*What you need to do*.
For this exercise, copy exactly the lines below from the one with "production of high-performing" through the one with "Φούτερ με κουκούλα" and leave out the pictures.

══ Provided material ══

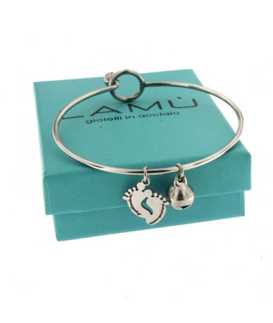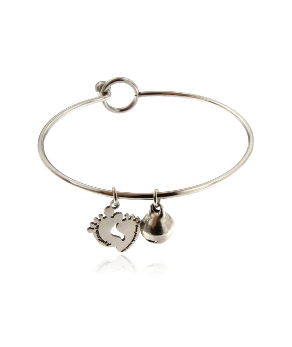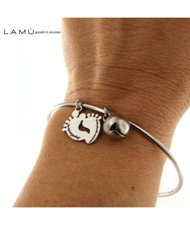 Bracciale rigido in acciaio inox con piedini incisi "Aspettando te il mio piccolo cuoricino"
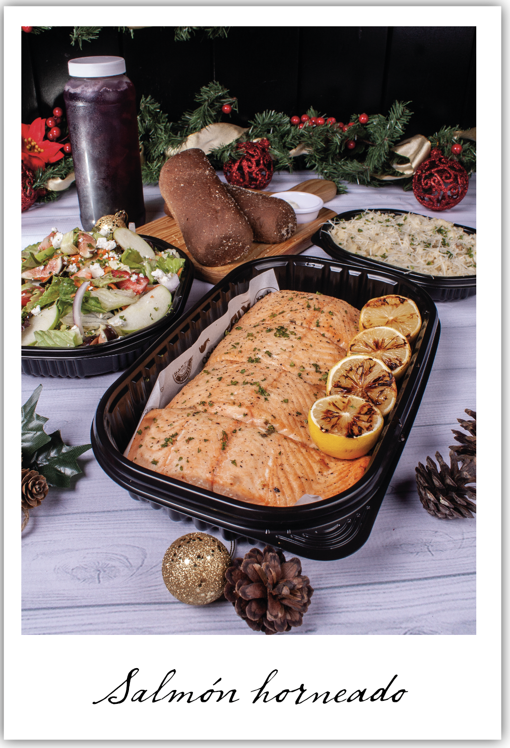 900 grs. de nuestro salmón chileno horneado lentamente por varias horas, con un toque de finas hierbas y mantequilla. Incluye una Ensalada Queensland navideña, dos panes aborígenes, un litro de sangría tradicional, puré de papa familiar y tres elotes a la mantequilla.
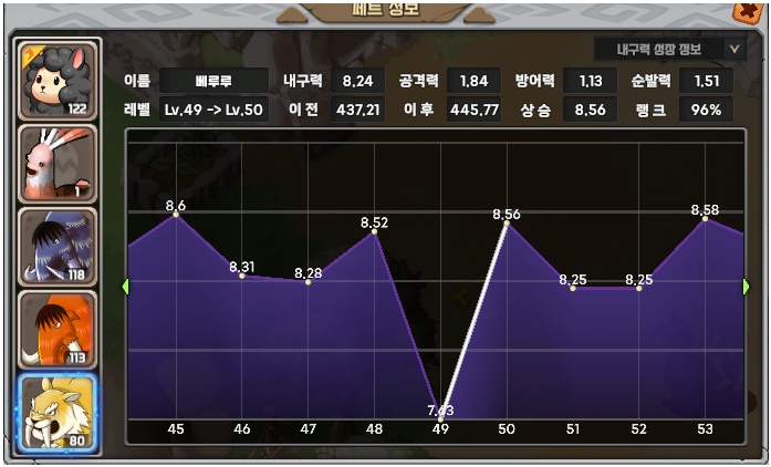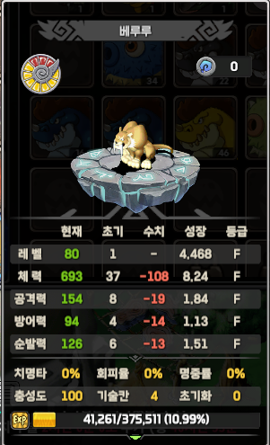 똥급도 애정펫으로 키울수 있는 팁 안녕나의사랑야야쪽지보내기 메일보내기 자기소개 아이디로 검색 전체게시물쪽지보내기 메일보내기 자기소개 아이디로 검색 전체게시물 25-08-18 10:59 2,314 0 12 목록 본문 F/F급이지만 통계를 들어가서 봐주시면49 > 50 레벨로 레벨업 했을때 통계 랭크가 96%인것을 알수있습니다.베이스가S가 아니여도 페트의 이번레벨업이 예를 들어 베루루 랭크 점수가 500~550 점이라고 했을때550에 가까운 랭크점수가 떳다고 해석하시면 됩니다.랭크가 높을수록 능력치가 잘떳다고 판단하시면 되요 ㅎㅎ베이스와 랭크는 별개입니다. 12 댓글목록0 등록된 댓글이 없습니다.
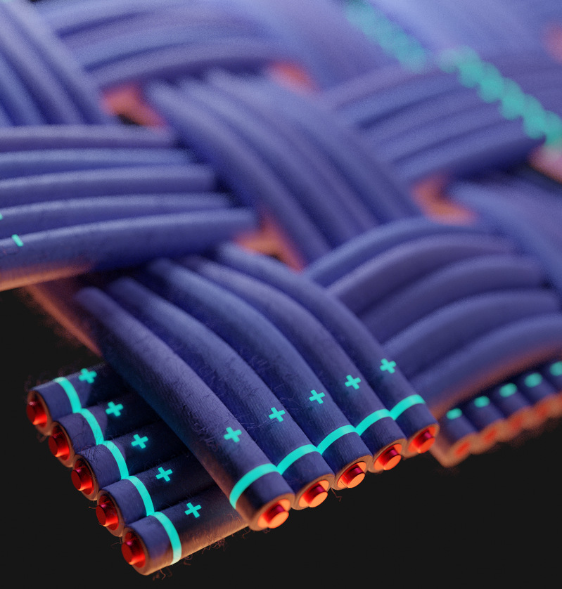 新型纤维聚合物锂离子电池成果于2021年9月发表在Nature上(“Scalable production of high-performing woven lithium-ion fibre batteries”, Nature, 2021, 697, 57),这项工作重点发现了纤维锂离子电池内阻与长度之间的双曲余切函数关系,有效解决了活性材料和纤维电极界面稳定性难题,连续构建出兼具高安全性和高性能的新型纤维聚合物锂离子电池。纤维聚合物锂离子电池的能量密度超过85 Wh/kg,并且具有良好的循环稳定性,循环500圈后电池的容量保持率仍然达到90.5%,库伦效率为99.8%。即使在曲率半径为1厘米的情况下,将纤维锂离子电池弯折10万次后,其容量保持率仍大于80%。进一步通过纺织方法,获得了高性能和高安全性的大面积电池织物。如果将电池织物和无线充电发射装置集成,可安全、稳定地为智能手机进行无线充电。新型纤维聚合物锂离子电池有望在智能织物、可穿戴设备、生物医疗器械等广泛领域显示重要的应用前景。
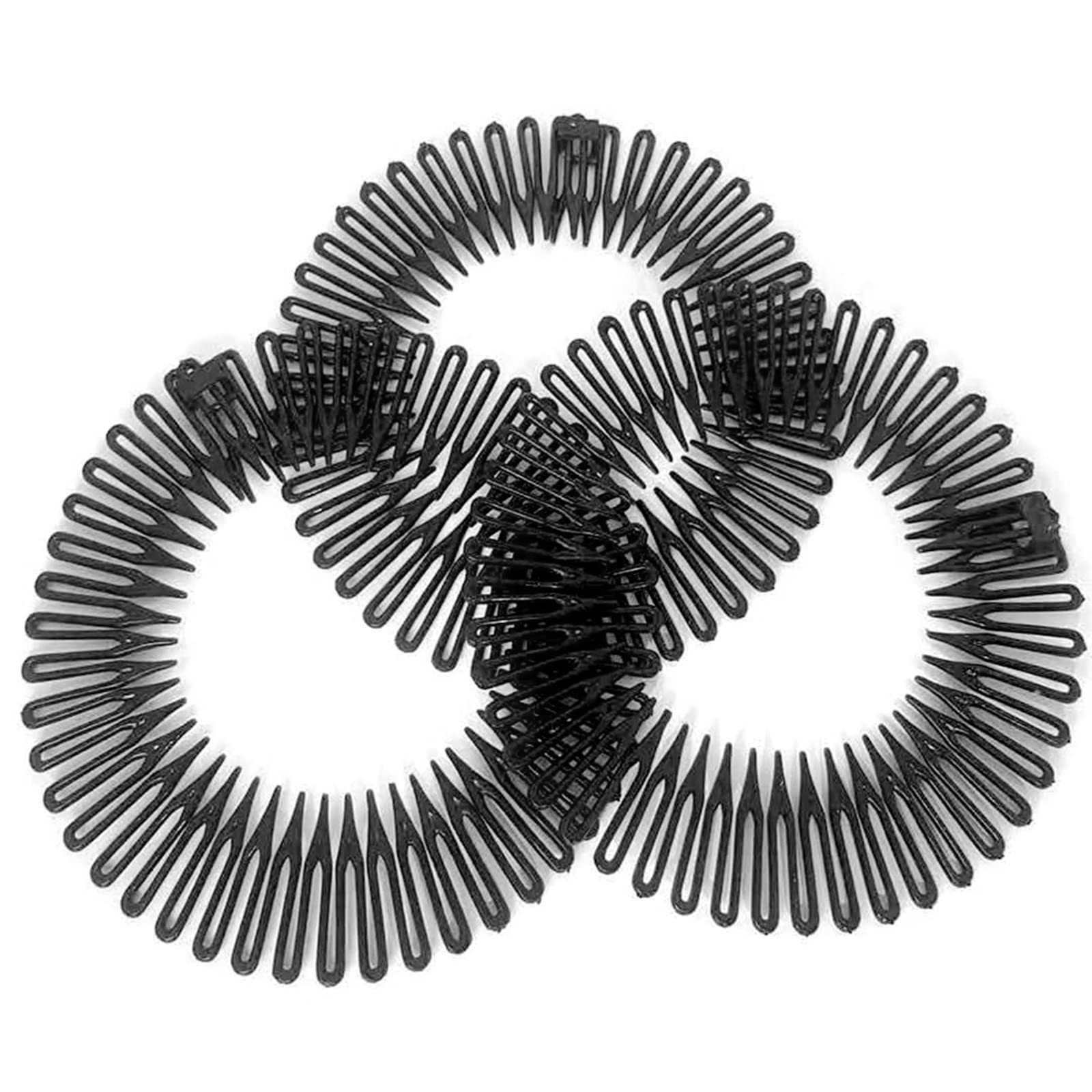 3Pcs Comb Headband Black 90s Comb Headband Full Circle,Stretch Comb Headband Flexible Plastic Circle Comb Zig-zag Headband Stretch Hair Comb Headband Hairband Holder for Girls Women
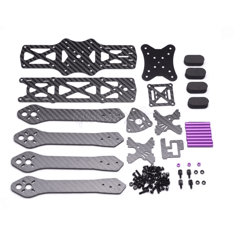 The carbon fiber is mostly accepted material for frame designing because of its high stiffness to weight ratio. The Carbon Fiber Frames are very rigid and improvestability and flight performance.
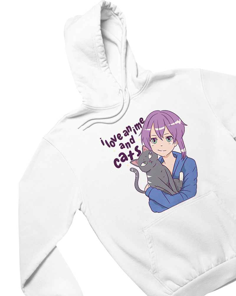 Φούτερ με κουκούλα - Love Cats And Anime - Color Thumbnail ΄Ασπρο
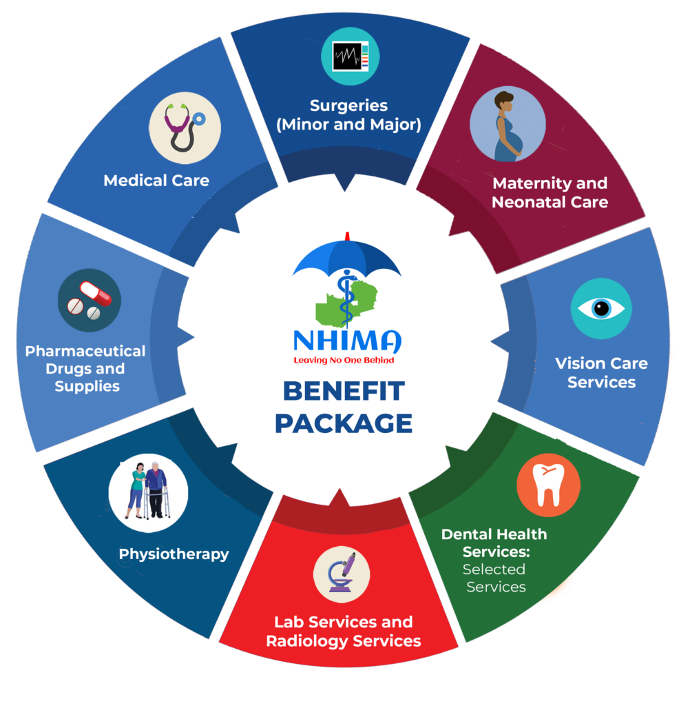 The NHIMA Benefit Package is a list of medical services and procedures that the National Health Insurance Management Authority offers to its esteemed beneficiaries of the scheme. The scheme is a family cover but the benefits are per insured individual
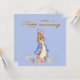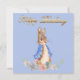 Peter the Rabbit på en blå bakgrund med guldfärgad "Grattis på födelsedagen"-text.
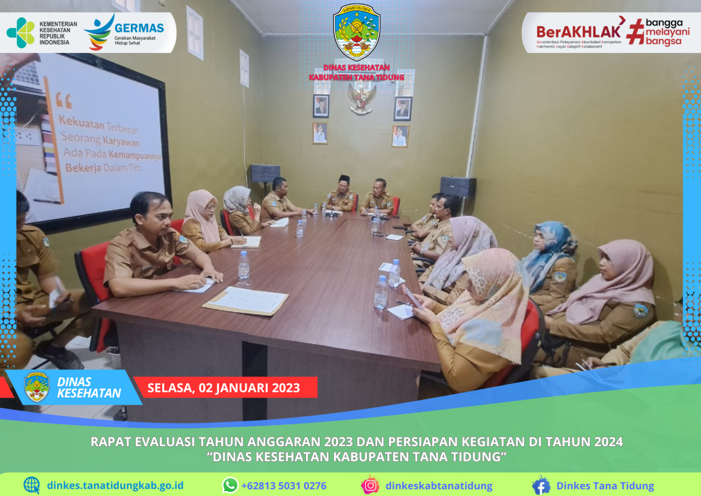Rapat Evaluasi Tahun Anggaran 2023 dan Persiapan Kegiatan di Tahun 2024, Kegiatan dilaksanakan di ruang rapat Dinas Kesehatan yang dipimpin langsung oleh Kepala ..

═══

*Worked solution*.
 新型纤维聚合物锂离子电池成果于2021年9月发表在Nature上(“Scalable production of high-performing woven lithium-ion fibre batteries”, Nature, 2021, 697, 57),这项工作重点发现了纤维锂离子电池内阻与长度之间的双曲余切函数关系,有效解决了活性材料和纤维电极界面稳定性难题,连续构建出兼具高安全性和高性能的新型纤维聚合物锂离子电池。纤维聚合物锂离子电池的能量密度超过85 Wh/kg,并且具有良好的循环稳定性,循环500圈后电池的容量保持率仍然达到90.5%,库伦效率为99.8%。即使在曲率半径为1厘米的情况下,将纤维锂离子电池弯折10万次后,其容量保持率仍大于80%。进一步通过纺织方法,获得了高性能和高安全性的大面积电池织物。如果将电池织物和无线充电发射装置集成,可安全、稳定地为智能手机进行无线充电。新型纤维聚合物锂离子电池有望在智能织物、可穿戴设备、生物医疗器械等广泛领域显示重要的应用前景。
 3Pcs Comb Headband Black 90s Comb Headband Full Circle,Stretch Comb Headband Flexible Plastic Circle Comb Zig-zag Headband Stretch Hair Comb Headband Hairband Holder for Girls Women
 The carbon fiber is mostly accepted material for frame designing because of its high stiffness to weight ratio. The Carbon Fiber Frames are very rigid and improvestability and flight performance.
 Φούτερ με κουκούλα - Love Cats And Anime - Color Thumbnail ΄Ασπρο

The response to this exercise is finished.